I thought that Pallacanestro Cantù, being in the first division of the Italian League, was a great starting point for my professional career. I felt like it was the right place to develop as player as the league is very competitive.
What did you like of coach Pancotto’s program and vision?
Like coach White, I felt that he would be a coach who is very passionate of the game, who really care how we do as player; I loved his enthusiasm and obviously I liked his idea on intensity on court. He talks a lot to his player and tries to explain what he wants on court from each of them in a very detailed way: I really like this approach.
In these last matches, Cantù defeated top teams such as Olimpia Milano, but which was the greatest victory for you?

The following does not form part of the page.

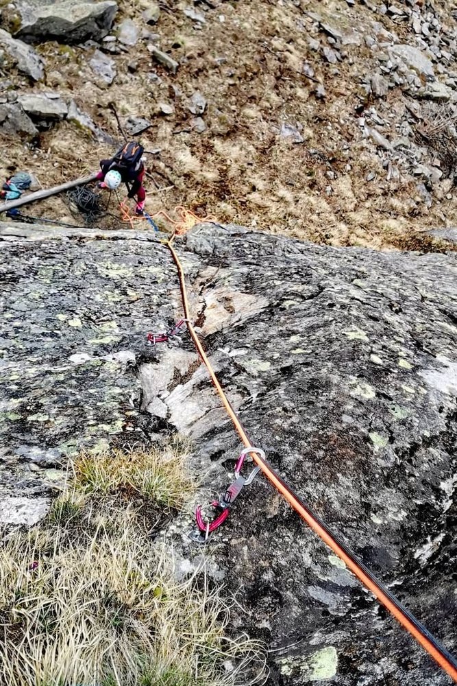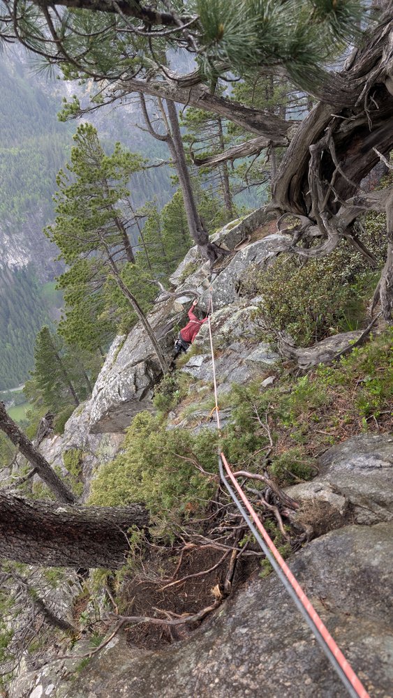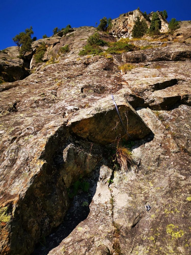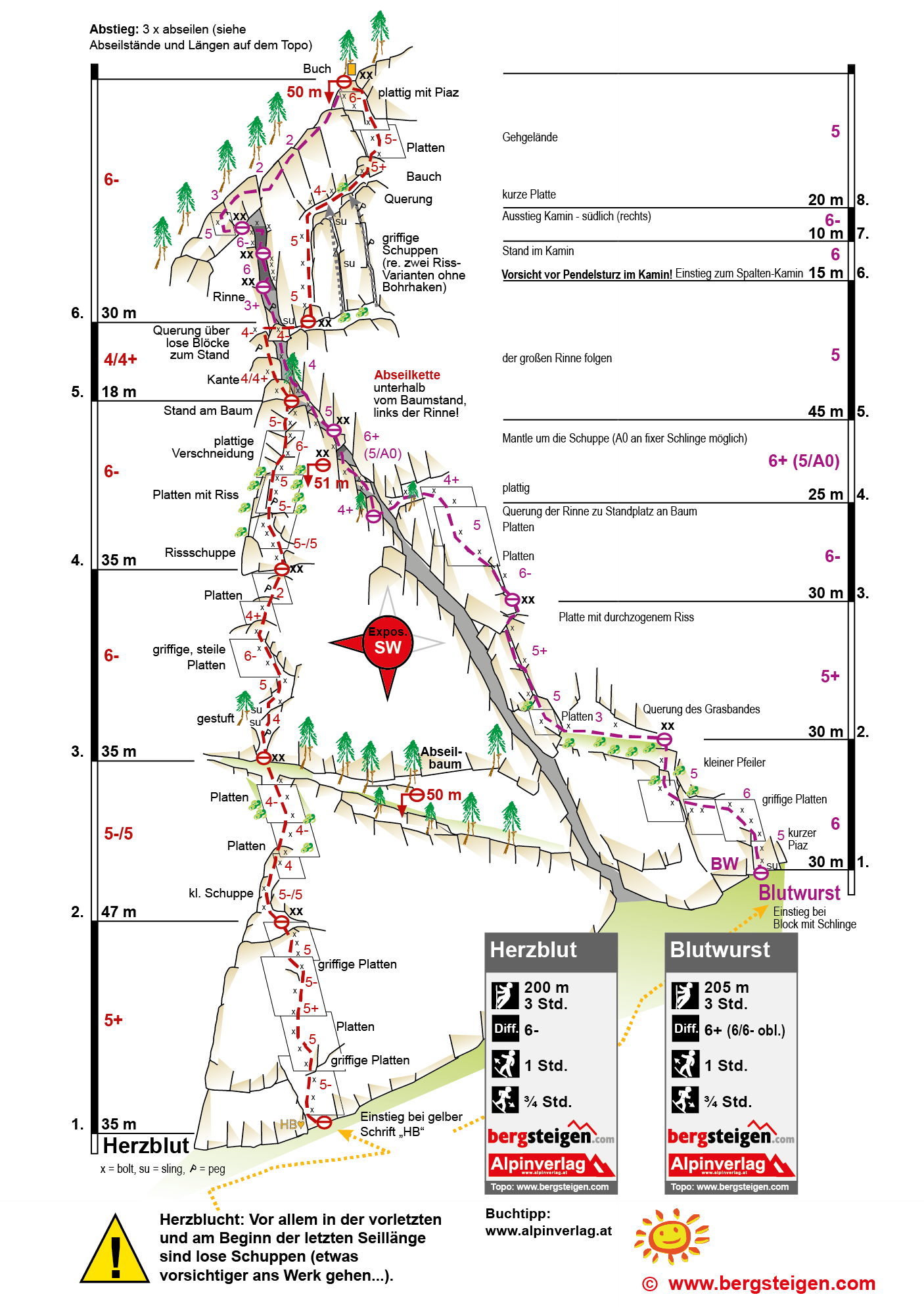 1.SL: Eingestiegen wird ca. 50 m oberhalb der Route "Herzblut", eine Bandschlinge markiert den Start. Nach dem ersten Anstieg links um den kleinen Pfeiler, von dort über den grasigen Felsrücken bis zum Stand.

Which one has given you most satisfaction?
Indeed the victory on Milan. Our supporters were so excited about it: It was unimaginable for me to see how high they went after the match. The passion they showed after that victory was amazing: It was as we actually won the championship or something (he laughs).
Let’s close with a curiosity. I read that that your favorite superhero is superman: Why?
When I was in high school, my teammates used to call me “Spidey”, but he wasn’t him my favorite superhero. I think Superman is the best of the best: he is unbeatable but at the same time he stays humble. In his story he choses to do the right thing instead of purchasing glory. I think that this is a very powerful message.